Auf der Suche nach Hochleistungsmaterialien für Gasspeicherung, thermische Isolierung oder Nanomaschinen ist es entscheidend, das thermische Verhalten der Materialien bis auf die Ebene einzelner Moleküle zu verstehen. Die klassische Thermodynamik mittelt allerdings über einen Zeitraum und eine große Anzahl von Molekülen. Forscher der TU München und der Uni Linköping haben nun eine Methode entwickelt, mit der sie die Gleichgewichtsthermodynamik von Einzelmolekülen mit atomarer Auflösung bei unterschiedlichen Temperaturen untersuchen können. Die Studie basiert auf einer Technologie, die es ermöglicht, Moleküle in zweidimensionalen Nanoporen einzuschließen, sowie auf umfangreichen rechnerischen Modellierungen.
Abb.: Die Nanopore begrenzt die Bewegungsmöglichkeiten des eingefangenen Moleküls. ( Bild: TU München)
Florian Klappenberger von der TU München entwickelte eine Methode, um geordnete metall-organische Netzwerke auf einer Silberoberfläche zu erzeugen. Das Netzwerk bildet Nanoporen, die die Bewegungsfreiheit einzelner adsorbierter Moleküle in zwei Dimensionen drastisch beschränken. Mit einem Rastertunnelmikroskop konnten die Forscher die Bewegungen der Moleküle bei verschiedenen Temperaturen mit Sub-Nanometer-Auflösung vermessen. Parallel zu den Experimenten bauten die Forscher ausgeklügelte Computermodelle auf, um die Temperaturabhängigkeit der Dynamik der eingefangenen Moleküle zu modellieren. „Mit Hilfe von Supercomputern gelang es uns, die Wechselwirkungen und die Energielandschaft der Bewegung der Moleküle zu beschreiben", sagt Jonas Björk von der Uni Linköping.

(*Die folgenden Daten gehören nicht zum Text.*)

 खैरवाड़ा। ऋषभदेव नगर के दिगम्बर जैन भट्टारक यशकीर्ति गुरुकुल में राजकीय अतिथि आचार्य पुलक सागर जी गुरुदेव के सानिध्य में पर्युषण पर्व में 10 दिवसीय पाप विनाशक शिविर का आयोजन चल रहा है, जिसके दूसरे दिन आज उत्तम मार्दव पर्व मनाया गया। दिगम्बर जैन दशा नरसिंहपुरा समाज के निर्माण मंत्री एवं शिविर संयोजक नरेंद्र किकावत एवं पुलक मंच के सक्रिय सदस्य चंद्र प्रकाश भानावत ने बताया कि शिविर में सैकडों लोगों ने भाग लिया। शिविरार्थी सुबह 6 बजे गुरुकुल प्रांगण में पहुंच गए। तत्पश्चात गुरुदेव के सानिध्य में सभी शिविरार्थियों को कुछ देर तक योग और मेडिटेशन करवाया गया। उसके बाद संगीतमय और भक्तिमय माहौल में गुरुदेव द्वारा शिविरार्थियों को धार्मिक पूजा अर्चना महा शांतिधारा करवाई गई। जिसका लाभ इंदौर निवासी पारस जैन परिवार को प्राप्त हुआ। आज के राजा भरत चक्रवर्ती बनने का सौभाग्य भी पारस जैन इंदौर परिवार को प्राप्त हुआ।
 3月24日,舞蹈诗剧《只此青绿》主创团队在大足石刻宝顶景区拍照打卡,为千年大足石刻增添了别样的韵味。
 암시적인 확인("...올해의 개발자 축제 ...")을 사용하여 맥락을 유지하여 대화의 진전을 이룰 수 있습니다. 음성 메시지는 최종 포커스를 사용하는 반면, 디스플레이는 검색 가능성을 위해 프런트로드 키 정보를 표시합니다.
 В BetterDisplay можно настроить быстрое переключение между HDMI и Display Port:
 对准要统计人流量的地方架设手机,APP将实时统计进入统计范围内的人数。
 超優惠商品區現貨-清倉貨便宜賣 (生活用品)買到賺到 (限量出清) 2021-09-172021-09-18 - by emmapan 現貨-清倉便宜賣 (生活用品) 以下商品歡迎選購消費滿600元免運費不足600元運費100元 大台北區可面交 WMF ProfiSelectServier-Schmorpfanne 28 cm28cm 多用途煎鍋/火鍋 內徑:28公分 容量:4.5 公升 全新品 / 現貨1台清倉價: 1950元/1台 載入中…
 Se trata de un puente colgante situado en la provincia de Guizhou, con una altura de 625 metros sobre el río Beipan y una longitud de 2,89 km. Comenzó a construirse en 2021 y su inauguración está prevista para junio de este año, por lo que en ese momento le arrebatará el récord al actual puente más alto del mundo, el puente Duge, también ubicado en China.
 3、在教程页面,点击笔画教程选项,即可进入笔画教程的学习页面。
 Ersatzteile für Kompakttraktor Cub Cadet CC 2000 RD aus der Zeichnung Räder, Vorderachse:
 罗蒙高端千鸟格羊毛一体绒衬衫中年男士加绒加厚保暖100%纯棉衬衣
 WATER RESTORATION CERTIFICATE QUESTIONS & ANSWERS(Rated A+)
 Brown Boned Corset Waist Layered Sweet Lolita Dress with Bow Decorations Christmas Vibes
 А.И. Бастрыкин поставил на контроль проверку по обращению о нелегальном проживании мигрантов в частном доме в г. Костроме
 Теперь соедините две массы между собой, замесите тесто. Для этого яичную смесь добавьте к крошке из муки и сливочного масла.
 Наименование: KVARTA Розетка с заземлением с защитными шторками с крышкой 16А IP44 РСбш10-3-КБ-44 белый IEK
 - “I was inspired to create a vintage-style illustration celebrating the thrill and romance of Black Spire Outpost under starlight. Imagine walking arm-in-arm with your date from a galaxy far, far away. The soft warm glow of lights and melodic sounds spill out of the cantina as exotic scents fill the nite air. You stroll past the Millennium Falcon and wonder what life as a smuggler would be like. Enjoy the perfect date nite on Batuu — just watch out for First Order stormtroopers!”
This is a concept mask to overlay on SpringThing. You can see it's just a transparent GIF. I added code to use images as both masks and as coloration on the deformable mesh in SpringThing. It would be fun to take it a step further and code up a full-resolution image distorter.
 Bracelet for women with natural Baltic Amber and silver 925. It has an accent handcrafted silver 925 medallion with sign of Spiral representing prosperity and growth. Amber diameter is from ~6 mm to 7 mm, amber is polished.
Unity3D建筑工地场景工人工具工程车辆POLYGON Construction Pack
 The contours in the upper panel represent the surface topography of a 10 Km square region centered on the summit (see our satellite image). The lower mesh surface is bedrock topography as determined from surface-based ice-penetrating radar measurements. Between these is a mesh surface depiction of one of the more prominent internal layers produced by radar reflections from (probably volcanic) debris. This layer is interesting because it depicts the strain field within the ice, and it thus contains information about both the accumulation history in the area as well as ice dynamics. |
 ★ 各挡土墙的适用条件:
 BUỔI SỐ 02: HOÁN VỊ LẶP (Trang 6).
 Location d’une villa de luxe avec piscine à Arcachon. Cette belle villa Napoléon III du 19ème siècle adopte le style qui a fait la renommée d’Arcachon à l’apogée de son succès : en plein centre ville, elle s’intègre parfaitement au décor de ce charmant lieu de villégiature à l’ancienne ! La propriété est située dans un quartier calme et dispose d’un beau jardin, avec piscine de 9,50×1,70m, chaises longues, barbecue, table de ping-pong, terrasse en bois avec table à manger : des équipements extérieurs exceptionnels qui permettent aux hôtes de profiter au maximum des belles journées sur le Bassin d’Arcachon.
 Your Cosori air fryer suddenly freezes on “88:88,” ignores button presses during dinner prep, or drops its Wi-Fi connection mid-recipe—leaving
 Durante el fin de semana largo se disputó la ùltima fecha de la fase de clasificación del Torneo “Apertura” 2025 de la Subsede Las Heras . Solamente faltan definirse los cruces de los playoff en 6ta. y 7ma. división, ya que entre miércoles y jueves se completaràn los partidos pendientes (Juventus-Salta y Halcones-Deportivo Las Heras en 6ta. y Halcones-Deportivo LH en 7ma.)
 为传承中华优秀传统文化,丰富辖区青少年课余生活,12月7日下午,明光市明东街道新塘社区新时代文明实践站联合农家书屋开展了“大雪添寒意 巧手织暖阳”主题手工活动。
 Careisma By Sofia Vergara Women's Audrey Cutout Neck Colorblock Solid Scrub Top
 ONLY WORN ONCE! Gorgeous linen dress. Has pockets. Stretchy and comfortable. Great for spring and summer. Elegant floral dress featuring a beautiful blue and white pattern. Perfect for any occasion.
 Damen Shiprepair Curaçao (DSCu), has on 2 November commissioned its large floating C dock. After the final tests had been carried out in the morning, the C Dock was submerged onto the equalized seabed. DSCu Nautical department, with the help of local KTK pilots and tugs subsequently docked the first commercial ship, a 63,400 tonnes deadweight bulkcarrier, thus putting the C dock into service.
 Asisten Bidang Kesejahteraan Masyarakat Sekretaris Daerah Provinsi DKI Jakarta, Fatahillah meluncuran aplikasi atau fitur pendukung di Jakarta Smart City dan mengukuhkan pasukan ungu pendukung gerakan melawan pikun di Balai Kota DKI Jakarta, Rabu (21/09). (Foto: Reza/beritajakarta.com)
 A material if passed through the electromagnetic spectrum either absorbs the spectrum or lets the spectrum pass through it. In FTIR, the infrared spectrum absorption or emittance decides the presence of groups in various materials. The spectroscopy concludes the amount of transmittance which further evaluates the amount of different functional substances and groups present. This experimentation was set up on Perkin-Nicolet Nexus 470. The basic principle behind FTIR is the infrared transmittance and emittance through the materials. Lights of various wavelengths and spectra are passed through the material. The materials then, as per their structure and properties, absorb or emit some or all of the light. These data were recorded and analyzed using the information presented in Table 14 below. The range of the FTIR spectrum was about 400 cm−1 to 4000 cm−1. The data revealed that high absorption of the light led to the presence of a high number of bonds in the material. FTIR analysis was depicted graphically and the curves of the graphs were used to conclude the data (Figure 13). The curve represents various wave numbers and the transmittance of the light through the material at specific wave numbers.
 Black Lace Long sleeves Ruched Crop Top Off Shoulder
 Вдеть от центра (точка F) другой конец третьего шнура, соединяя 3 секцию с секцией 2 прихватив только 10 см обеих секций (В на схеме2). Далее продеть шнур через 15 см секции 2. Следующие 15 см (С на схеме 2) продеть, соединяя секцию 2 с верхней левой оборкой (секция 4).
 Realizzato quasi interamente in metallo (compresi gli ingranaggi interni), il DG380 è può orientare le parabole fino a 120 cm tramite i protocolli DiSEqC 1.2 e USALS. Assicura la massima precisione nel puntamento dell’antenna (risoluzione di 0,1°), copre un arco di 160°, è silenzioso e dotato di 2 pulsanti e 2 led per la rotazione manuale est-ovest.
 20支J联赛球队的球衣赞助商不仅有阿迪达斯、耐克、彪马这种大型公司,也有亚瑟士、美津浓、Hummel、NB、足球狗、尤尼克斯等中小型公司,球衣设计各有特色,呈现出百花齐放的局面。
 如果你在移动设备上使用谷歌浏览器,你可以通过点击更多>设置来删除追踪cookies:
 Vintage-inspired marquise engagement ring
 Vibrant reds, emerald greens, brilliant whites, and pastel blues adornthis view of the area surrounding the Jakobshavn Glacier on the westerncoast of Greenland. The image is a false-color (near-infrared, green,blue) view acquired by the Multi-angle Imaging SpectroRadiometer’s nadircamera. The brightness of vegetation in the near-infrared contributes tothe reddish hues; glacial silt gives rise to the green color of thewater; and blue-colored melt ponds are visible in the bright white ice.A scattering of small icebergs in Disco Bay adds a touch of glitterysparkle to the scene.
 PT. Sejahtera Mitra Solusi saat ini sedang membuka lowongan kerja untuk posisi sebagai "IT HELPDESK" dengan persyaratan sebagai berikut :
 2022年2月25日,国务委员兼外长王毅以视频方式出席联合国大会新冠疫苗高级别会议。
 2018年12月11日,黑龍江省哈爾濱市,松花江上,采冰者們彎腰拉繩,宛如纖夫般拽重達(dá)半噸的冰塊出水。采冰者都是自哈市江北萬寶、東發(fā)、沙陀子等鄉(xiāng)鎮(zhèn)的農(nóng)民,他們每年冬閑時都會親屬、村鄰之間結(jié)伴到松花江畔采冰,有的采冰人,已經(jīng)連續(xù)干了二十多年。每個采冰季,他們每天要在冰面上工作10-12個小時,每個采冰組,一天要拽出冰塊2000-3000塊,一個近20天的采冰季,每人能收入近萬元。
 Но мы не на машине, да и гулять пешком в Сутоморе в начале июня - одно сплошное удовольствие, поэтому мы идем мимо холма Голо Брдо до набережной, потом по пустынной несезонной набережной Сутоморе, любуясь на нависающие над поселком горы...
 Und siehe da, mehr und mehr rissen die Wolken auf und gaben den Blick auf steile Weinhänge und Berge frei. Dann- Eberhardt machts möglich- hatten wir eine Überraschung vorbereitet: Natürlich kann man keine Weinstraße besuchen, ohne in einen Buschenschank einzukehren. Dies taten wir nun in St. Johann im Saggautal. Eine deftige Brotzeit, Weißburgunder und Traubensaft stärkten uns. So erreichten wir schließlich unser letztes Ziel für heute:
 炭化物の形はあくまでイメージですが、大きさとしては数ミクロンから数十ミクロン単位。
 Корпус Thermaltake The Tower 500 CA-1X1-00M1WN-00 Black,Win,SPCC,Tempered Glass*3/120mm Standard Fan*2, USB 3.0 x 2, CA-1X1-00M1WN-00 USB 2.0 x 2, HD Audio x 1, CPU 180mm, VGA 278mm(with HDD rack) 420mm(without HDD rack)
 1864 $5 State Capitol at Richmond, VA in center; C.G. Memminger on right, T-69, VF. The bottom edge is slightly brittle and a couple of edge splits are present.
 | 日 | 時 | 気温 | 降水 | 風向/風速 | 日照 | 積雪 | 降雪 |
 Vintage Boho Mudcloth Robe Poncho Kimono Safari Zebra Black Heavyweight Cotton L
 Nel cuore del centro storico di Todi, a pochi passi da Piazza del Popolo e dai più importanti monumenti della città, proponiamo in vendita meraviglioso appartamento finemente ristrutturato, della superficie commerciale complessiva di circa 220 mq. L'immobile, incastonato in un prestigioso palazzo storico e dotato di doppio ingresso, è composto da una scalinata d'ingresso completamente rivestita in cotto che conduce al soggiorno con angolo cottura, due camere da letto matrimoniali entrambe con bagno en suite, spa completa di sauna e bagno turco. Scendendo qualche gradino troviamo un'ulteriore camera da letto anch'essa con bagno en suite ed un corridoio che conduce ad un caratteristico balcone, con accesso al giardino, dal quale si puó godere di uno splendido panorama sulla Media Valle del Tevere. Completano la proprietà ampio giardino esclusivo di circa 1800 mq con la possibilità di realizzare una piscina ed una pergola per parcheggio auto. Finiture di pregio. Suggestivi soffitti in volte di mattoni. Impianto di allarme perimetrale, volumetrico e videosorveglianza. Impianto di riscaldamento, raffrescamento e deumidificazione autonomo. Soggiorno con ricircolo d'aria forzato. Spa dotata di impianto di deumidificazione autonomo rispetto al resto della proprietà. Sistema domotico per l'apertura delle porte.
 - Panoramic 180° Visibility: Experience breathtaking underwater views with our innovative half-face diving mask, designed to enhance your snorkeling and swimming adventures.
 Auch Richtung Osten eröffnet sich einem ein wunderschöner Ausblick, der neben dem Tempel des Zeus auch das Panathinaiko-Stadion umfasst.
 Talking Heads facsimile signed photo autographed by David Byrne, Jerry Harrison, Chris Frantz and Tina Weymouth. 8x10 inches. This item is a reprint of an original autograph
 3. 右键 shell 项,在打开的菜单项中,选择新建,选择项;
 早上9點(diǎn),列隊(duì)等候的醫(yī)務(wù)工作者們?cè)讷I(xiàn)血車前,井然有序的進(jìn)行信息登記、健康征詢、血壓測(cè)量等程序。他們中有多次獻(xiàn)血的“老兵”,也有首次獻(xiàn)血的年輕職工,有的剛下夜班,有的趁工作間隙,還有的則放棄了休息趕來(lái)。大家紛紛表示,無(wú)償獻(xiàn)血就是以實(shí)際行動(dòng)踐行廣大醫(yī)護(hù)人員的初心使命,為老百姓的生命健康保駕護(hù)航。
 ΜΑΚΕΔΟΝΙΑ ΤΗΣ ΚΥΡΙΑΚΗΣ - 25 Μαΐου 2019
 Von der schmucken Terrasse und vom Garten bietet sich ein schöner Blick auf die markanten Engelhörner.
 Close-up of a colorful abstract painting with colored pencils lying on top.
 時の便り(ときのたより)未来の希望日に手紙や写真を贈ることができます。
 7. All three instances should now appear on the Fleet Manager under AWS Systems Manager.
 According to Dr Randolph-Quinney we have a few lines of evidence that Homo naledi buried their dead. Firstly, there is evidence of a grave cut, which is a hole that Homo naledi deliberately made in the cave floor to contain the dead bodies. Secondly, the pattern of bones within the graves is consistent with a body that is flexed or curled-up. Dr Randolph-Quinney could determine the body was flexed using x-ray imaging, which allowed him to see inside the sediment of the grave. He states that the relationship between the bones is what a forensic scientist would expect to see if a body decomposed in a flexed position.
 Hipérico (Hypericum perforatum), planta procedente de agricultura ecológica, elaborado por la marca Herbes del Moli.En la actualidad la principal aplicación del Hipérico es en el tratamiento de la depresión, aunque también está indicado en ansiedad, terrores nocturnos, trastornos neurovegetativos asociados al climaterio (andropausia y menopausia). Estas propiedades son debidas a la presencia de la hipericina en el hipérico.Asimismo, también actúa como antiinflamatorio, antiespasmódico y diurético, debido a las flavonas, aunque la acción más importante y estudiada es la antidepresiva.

Abb.: Gefangen in einer modifizierten Nanopore bildet das Molekül bei präziser Einstellung der Temperatur durch seine Wärmebewegung Buchstaben des Alphabets nach, (Bild: TU München)
Beim Vergleich experimenteller und modellierter Daten erkannten die Wissenschaftler, dass sich unter bestimmten Bedingungen die integrale Theorie auf eine einfache Projektion der räumlichen Molekülpositionen reduzieren lässt. Dies ist ein Ansatz, der in der statistischen Mechanik häufig angewandt wird. Bisher war es aber unmöglich, damit ein Experiment zu beschreiben, denn ohne Beschränkung durch den zweidimensionalen Käfig wären unendlich viele mögliche Molekülpositionen und Energien zu berücksichtigen.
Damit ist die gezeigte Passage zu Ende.